Health Insurance for “Humans”: Information Frictions, Plan Choice, and Consumer Welfare

Tuesday, June 24, 2014: 8:30 AM
LAW B7 (Musick Law Building)

Author(s): Jonathan Kolstad

Discussant: Joachim Winter

Traditional models of insurance choice are predicated on fully informed and rational consumers protecting themselves from exposure to financial risk. In practice, choosing an insurance plan from a set of complex non-linear contracts is a complicated decision often made without full information on several potentially important dimensions. In this paper we combine new administrative data on health plan choices and claims with unique survey data on consumer information and other typically unobserved preference factors in order to separately identify risk preferences, information frictions, and perceived plan hassle costs.
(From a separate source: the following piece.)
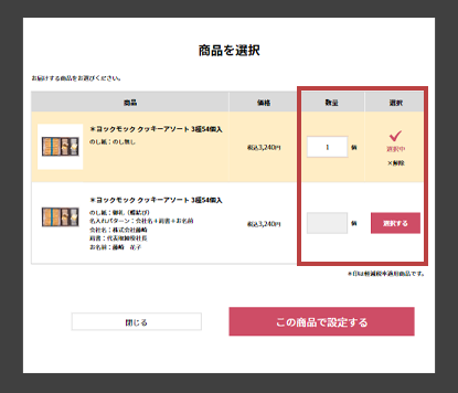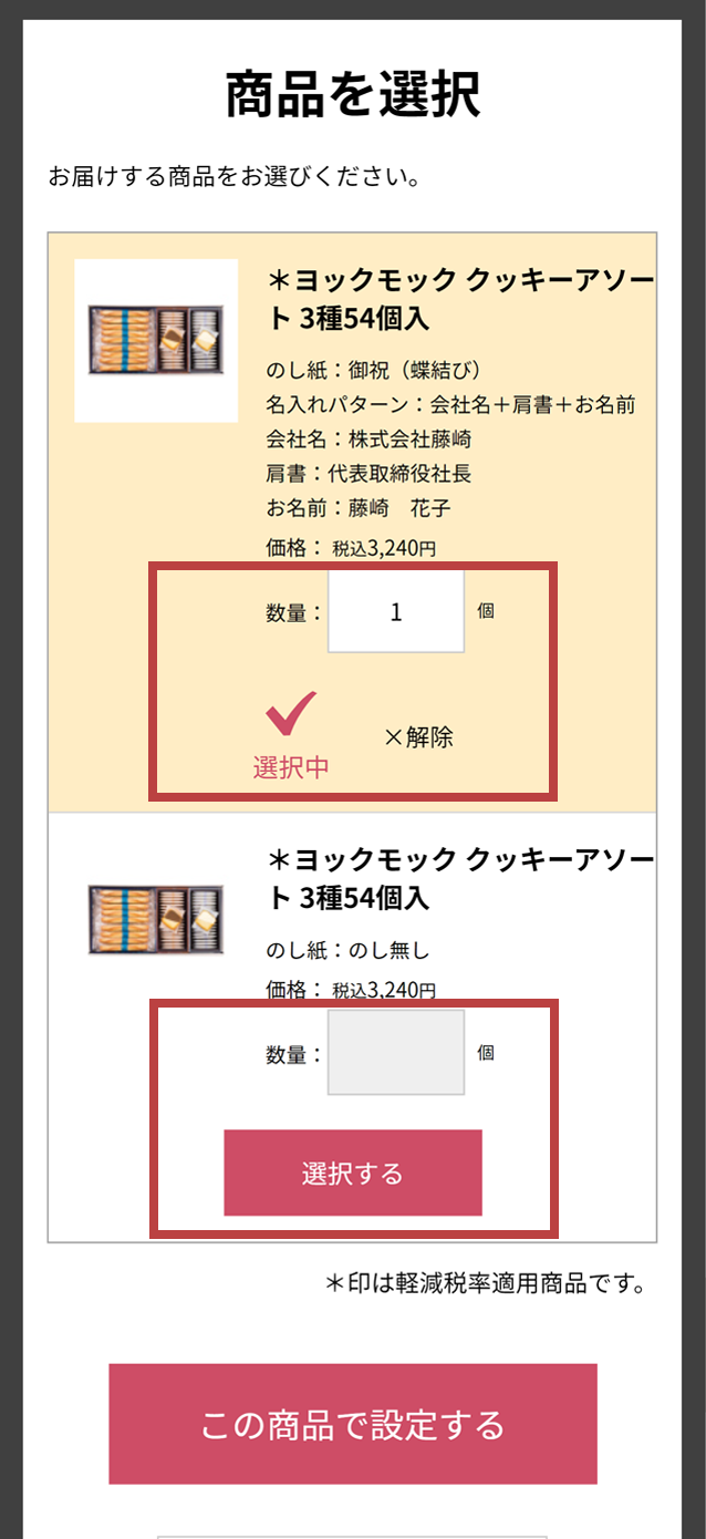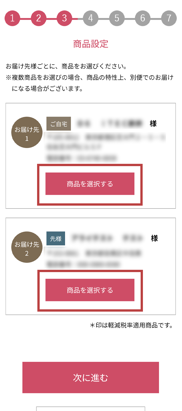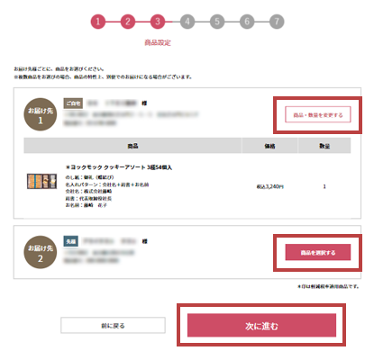 お届け先様ごとに、「商品を選択する」を押し、商品をお選びください。

The administrative and survey data are linked at the individual level, allowing in-depth investigations of the links between these micro-foundations in both descriptive and choice-model based analyses. We find that consumers lack information on many important dimensions that they are typically assumed to understand, perceive high plan hassle costs, and make choices that depend on these frictions. Moreover, in the context of an expected utility model, including the additional frictions that we measure has direct implications for risk preference estimates, which are typically assumed to be the only source of persistent unobserved preference heterogeneity in such models. In our setting, we show that incorporating measures of these frictions leads to meaningful reductions in estimated consumer risk aversion. This result has both positive and normative implications since risk aversion generally has different welfare implications than information frictions. We assess the welfare impact of a counterfactual menu design and find that the welfare loss from risk exposure when additional frictions are not taken into account is more than double that when they are, illustrating the potential importance of our analysis for policy decisions.